Create two arraylist objects for your two arrays.
Define a Set object.
Add both the arraylist objects into the Set using addAll method.
As set holds unique elements, the set forms the union of
both arrays.
//push the arrays in the list.
List<String> list1 = new ArrayList<String>(Arrays.asList(stringArray1));
List<String> list2 = new ArrayList<String>(Arrays.asList(stringArray2));
HashSet <String> set = new HashSet <String>();
//add the lists in the set.
set.addAll(list1);
set.addAll(list2);
//convert it back to array.
String[] unionArray = set.toArray(new String[0]);
Using Set is going to be one of the easiest way:
public static String[] unionOf(String[] strArr1, String[] strArr2) {
Set<String> result = new HashSet<String>();
result.addAll(Arrays.asList(strArr1));
result.addAll(Arrays.asList(strArr2));
return result.toArray(new String[result.size()]);
}
There are also other utilities that can help in similar work, e.g. Guava:
public static String[] unionOf(String[] strArr1, String[] strArr2) {
return Sets.union(Sets.newHashSet(strArr1),
Sets.newHashSet(strArr2))
.toArray(new String[0]);
}
You have several problems with this part of your code:
for(int m = 0; m < set2.length; m++)
for(int p = 0; p < union.length; p++)
if(set2[m] != union[p])
{
union[i] = set2[m];
i++;
}
cnt++;
First, you should be using !equals() instead of != to compare strings. Second, despite the indenting, the statement cnt++ is not part of the outer loop. You don't need both i and cnt; their values should always match. Finally, you are adding set2[m] once for each element of union that is different from it. You only want to add it once.
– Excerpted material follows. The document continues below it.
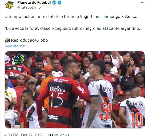 Além da vitória do Flamengo, o clássico ficou marcado por uma intensa disputa entre o defensor Fabrício Bruno e o atacante Vegetti, que se desentenderam durante a partida. A tensão no jogo atingiu seu ápice, com Fabrício Bruno prometendo um encontro na saída do estádio após o confronto.
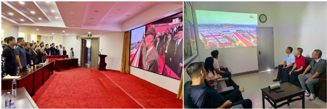 学校在黑石礁校区、大黑石校区、瓦房店校区组织16568名师生,在各校区体育场、教室、会议室等场所设立分会场,集中收看纪念中国人民抗日战争暨世界反法西斯战争胜利80周年大会直播。

Here's a version that should work:
static String[] union( String[] set1, String[] set2 )
{
String union[] = new String[set1.length + set2.length];
System.arraycopy(set1, 0, union, 0, set1.length); // faster than a loop
int cnt = set1.length;
for(int m = 0; m < set2.length; m++) {
boolean found = false;
for(int p = 0; p < union.length && !found; p++) {
found = set2[m].equals(union[p]);
}
if(!found)
{
union[cnt] = set2[m];
cnt++;
}
}
union = downSize( union, cnt );
return union;
}
As other posters have noted, an alternative approach is to use a HashSet<String>, add the elements found in the two arrays, and turn the result back into an array.
You get ArrayIndexOutOfBoundsException on this line:
union[i] = set2[m];
because you keep increasing i somewhere around: set2.length * union.length times (nested loops).
Doing what R.J wrote will not give you the union - you'll have many duplicate items since by doing: set2[m].equals(union[p]) you compare every member of set2 to all the members of union and for each member that it's not equal to - you add it. so you end up adding the same items multiple times!
The right way to do it is like Deepak Mishra suggested by using Set which will "take care" of the duplicates.
Example:
int[] a = {1,2,3,4,5};
int[] b = {4,5,6,7};
Set union = new HashSet<Integer>();
for(int i=0; i<a.length; i++) union.add(a[i]);
for(int i=0; i<b.length; i++) union.add(b[i]);
Object[] ans = union.toArray();
for(int i=0; i<ans.length; i++)
System.out.print(ans[i]+" ");
will output:
1 2 3 4 5 6 7
Since it's HW I won't write the code for the answer, but I'll give you a tip: doing it your way requires O(n^2) - if you'll think a bit I'm sure that you can find a way to do it in a better time, say, O(n log n)...
Though using the SETS is the best solution, here is a simple solution.
private static String getUnion(String a, String b, boolean ignoreCase) {
String union = "";
if (a == null || b == null || a.length() < 1 || b.length() < 1) {
return union;
}
char[] shortest;
char[] longest;
if (ignoreCase) {
shortest = (a.length() <= b.length() ? a : b).toLowerCase().toCharArray();
longest = (a.length() <= b.length() ? b : a).toLowerCase().toCharArray();
} else {
shortest = (a.length() <= b.length() ? a : b).toLowerCase().toCharArray();
longest = (a.length() <= b.length() ? b : a).toLowerCase().toCharArray();
}
StringBuilder sb = new StringBuilder();
for (char c : shortest) {
for (int i = 0; i < longest.length; i++) {
if (longest[i] == c) {
sb.append(c);
}
}
}
union = sb.toString();
return union;
}
and following are few tests.
public static void main(String[] args) {
System.out.println("Union of '' and BXYZA is " + getUnion("", "BXYZA", true));
System.out.println("Union of null and BXYZA is " + getUnion(null, "BXYZA", true));
System.out.println("Union of ABC and BXYZA is " + getUnion("ABC", "BXYZA", true));
System.out.println("Union of ABC and BXYZA is " + getUnion("ABC", "bXYZA", false));
}
Related
I'm new at programming. I have to write a code, main requirements - user chooses the sorting method (one is already added, the second one I will add later), enters the amount of elements in the array, enters the elements and then the code sorts them. But it looks like the code only takes the last entered element and tries to sort it. What do I have to do to make it sort all entered elements?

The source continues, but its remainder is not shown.